If these are people you don’t want to just unfriend, and you don’t want to get into the kind of Feelings Talk that the previous line will more than likely precipitate, then try starting them out easy with something simple and fun. “Hey, friend, would you like to come over & watch a movie on date at time?” is a good one. When they get there, say “Hey, there’s food and drinks in the fridge, please help yourself. My house is your house, my snacks are your snacks.” If they are squirrelly about so much as hanging out low-key for a couple hours, or snagging their own snacks and drinks while they’re there, then probably unfriending them is your only choice.
But possibly they will come hang out! Which opens the door to an actual friendship where they are not so weirded out by your chronic illness that they have no clue how to interact with you. But I certainly wouldn’t depend on them for something crucial like a ride to the doctor unless they’ve demonstrated they’re sincere and reliable if they offer help. We’ve all had that one non-disabled friend who flaked at the last minute requiring us to cancel something we really needed to get to, so putting your faith in untested people is risky at best.
Chronic illness/disability sucks in SO MANY WAYS and one of the worst is having to go through this sorting process. It is totally ok if you decide your time and energy are too limited for this crap and just cut those people free. You don’t have to be their way of demonstrating to the world how cool and awesome and caring they are with these meaningless public displays of glurge. There are other awesome people out there, and yes it is possible for us to find them.

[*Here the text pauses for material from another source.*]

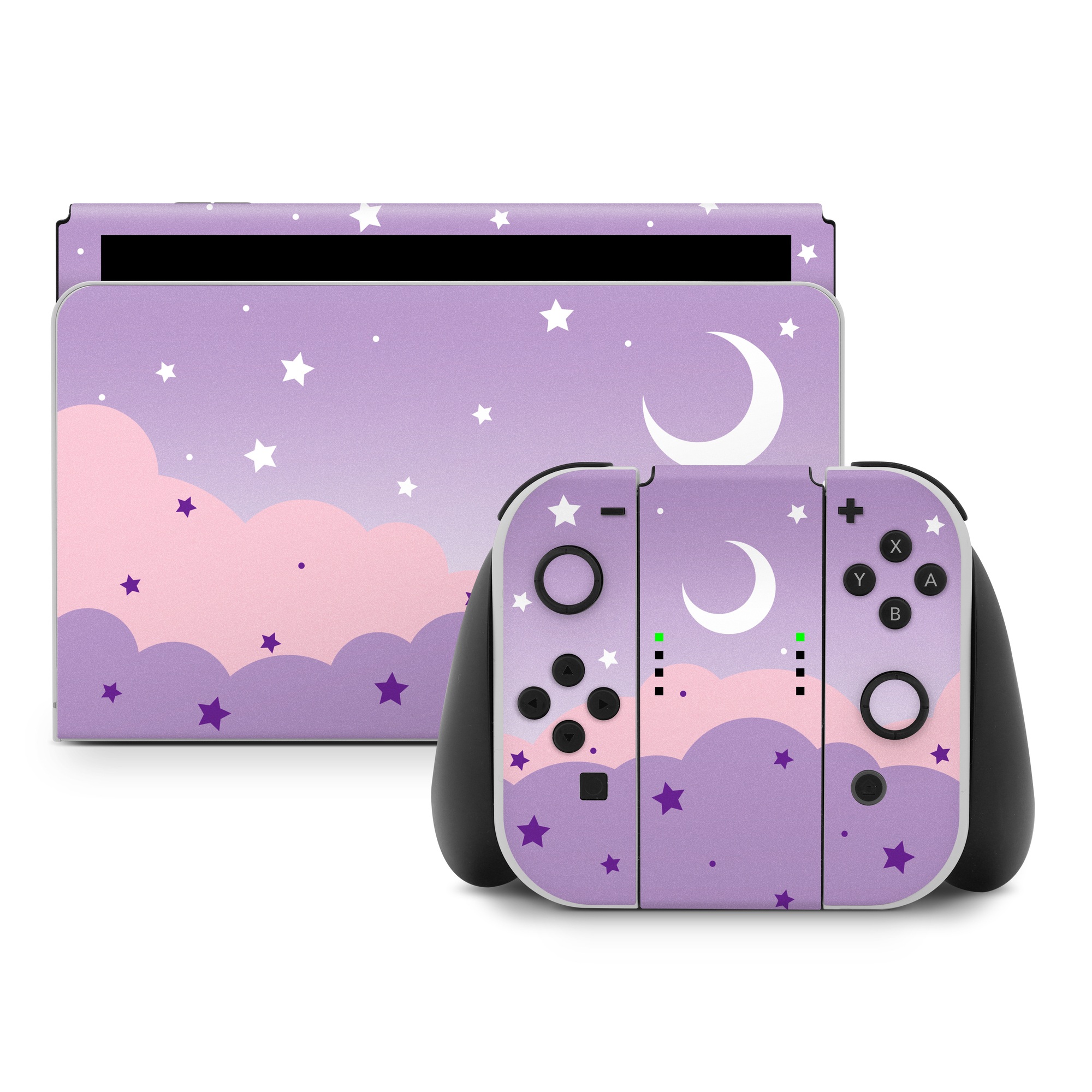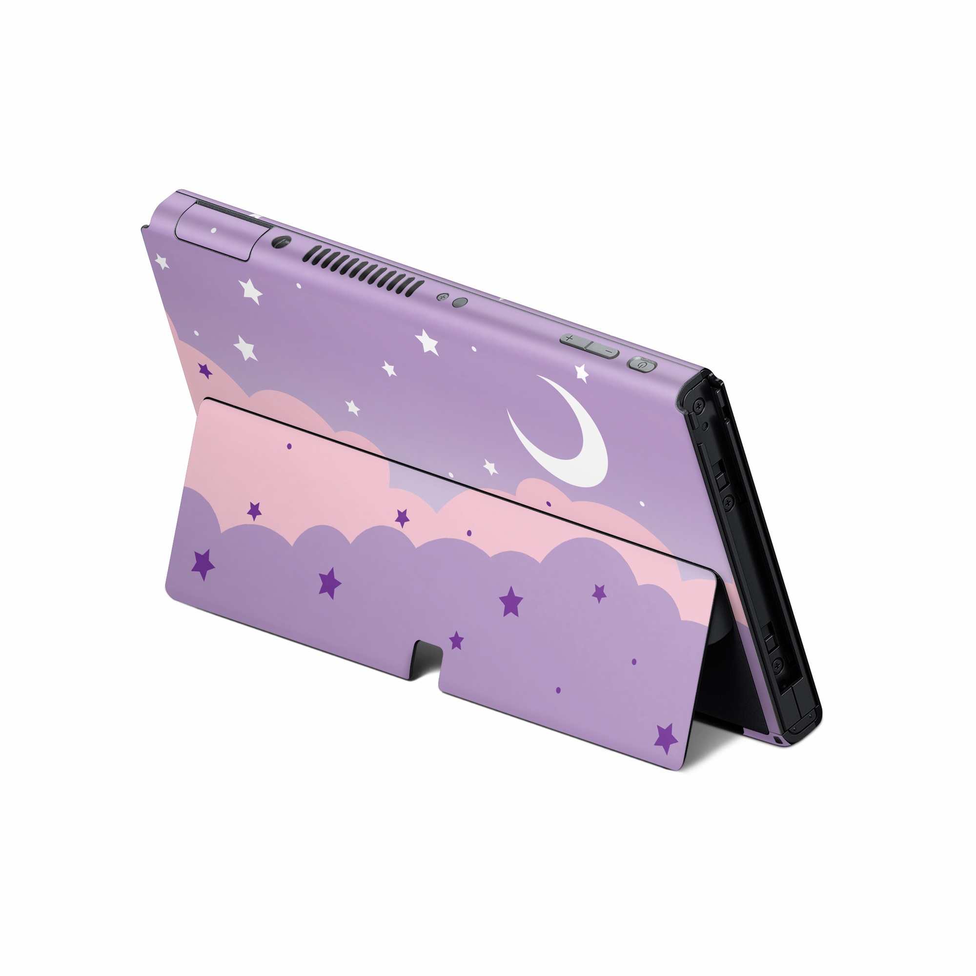 iStyles Nintendo Switch Skin design of Astronomical object, Pink, Star, Purple, Crescent, Moon, Graphics, Animation, Wallpaper, Graphic design, with purple, white colors, and tagged with space, patterns, night, stars, moon, clouds, sky.

And as a PS to all y’all non-disabled people out there who are wondering how to help a chronically ill friend:
1) clearly tell us what you’re willing to do. Don’t say “call me if you need anything” unless you mean “anything”. It’s ok, we understand that not everyone is up for cleaning litter boxes. Just let us know what you ARE willing to do: “Hey, I do my grocery shopping on Wednesday evenings, let me know if you’d like me to swing by & pick you up!”
2) Spontaneous help is ok, too! Just because you did something once doesn’t mean we’re going to expect you to do it all the time. If you’re over and see we need help sweeping up the dog hair because OH GOD THE GERMAN SHEPHERDS ARE BLOWING COAT. AGAIN. IN JANUARY. then just say “hey, do you mind if I sweep real quick?”
3) Remember that we do have interests & lives that are not our illness/disability. Talk to us about the shared interests that made us friends in the first place.